*** Opening of Supplied records ***

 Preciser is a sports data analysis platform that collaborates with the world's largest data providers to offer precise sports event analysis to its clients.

*** Close of Supplied records ***
*** Opening of Supplied records ***

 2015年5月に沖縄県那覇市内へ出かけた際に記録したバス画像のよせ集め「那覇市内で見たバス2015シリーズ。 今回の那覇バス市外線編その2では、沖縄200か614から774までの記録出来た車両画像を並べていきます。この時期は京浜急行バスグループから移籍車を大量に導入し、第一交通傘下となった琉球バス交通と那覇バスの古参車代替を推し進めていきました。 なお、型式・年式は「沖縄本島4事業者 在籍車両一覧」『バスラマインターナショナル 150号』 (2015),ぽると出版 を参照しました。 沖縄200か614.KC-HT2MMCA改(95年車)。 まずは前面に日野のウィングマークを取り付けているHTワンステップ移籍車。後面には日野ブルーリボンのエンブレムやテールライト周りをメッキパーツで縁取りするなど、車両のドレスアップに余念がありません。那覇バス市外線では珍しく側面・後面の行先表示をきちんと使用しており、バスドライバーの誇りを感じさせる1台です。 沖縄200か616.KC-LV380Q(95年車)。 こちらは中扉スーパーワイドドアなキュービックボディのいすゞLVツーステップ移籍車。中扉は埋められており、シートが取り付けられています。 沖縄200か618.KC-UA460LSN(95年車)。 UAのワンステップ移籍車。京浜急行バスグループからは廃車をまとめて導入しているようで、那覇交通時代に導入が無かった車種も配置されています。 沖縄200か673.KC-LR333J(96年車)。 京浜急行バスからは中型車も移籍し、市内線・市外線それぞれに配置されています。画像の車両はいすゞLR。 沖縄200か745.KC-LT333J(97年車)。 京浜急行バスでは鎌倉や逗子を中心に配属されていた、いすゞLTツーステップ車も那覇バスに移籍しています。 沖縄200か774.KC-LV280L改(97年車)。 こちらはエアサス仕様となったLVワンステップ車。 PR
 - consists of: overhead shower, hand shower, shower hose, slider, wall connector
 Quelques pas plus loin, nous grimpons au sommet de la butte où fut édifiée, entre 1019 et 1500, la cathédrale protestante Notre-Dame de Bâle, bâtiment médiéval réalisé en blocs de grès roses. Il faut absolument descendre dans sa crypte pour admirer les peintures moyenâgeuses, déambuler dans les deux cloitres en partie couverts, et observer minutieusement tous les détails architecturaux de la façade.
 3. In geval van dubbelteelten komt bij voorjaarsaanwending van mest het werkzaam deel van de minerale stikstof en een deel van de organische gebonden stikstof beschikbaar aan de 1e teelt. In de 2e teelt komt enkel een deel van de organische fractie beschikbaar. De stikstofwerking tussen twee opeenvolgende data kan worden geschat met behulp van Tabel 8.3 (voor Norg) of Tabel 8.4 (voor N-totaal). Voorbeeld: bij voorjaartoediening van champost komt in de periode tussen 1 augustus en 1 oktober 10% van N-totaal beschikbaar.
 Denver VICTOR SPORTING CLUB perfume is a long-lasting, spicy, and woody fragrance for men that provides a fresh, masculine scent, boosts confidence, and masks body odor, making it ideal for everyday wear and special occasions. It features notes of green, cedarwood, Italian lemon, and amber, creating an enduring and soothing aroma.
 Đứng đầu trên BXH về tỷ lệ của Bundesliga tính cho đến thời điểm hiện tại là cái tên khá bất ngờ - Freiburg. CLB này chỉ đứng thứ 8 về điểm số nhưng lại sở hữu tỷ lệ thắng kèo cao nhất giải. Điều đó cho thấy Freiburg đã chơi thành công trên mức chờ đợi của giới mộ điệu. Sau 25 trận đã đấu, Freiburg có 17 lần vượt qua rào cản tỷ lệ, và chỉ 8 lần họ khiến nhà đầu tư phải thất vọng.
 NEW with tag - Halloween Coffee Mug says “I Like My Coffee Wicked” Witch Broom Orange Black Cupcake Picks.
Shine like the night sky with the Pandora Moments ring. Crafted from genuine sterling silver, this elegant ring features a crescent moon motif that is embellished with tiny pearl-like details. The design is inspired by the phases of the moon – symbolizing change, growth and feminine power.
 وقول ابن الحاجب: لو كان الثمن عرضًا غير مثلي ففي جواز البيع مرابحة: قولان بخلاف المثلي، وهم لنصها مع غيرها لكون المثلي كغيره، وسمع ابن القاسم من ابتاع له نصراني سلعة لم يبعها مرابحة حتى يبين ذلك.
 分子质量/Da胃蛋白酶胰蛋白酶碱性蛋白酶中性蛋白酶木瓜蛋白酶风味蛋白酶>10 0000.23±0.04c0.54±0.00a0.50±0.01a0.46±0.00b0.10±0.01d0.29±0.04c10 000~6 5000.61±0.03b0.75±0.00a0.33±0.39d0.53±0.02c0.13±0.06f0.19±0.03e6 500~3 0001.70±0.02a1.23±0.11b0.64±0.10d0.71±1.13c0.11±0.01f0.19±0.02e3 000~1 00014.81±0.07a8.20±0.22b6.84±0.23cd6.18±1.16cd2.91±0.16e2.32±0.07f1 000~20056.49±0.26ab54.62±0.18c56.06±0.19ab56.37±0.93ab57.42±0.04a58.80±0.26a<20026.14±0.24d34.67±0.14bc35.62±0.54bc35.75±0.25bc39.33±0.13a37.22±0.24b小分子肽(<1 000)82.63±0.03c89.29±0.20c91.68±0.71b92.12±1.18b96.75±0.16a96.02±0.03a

*** Close of Supplied records ***

_Assignment_:
Search the entries for the word "with", then gather every line that has it.

_Problem solution_:
 Preciser is a sports data analysis platform that collaborates with the world's largest data providers to offer precise sports event analysis to its clients.
 NEW with tag - Halloween Coffee Mug says “I Like My Coffee Wicked” Witch Broom Orange Black Cupcake Picks.
Shine like the night sky with the Pandora Moments ring. Crafted from genuine sterling silver, this elegant ring features a crescent moon motif that is embellished with tiny pearl-like details. The design is inspired by the phases of the moon – symbolizing change, growth and feminine power.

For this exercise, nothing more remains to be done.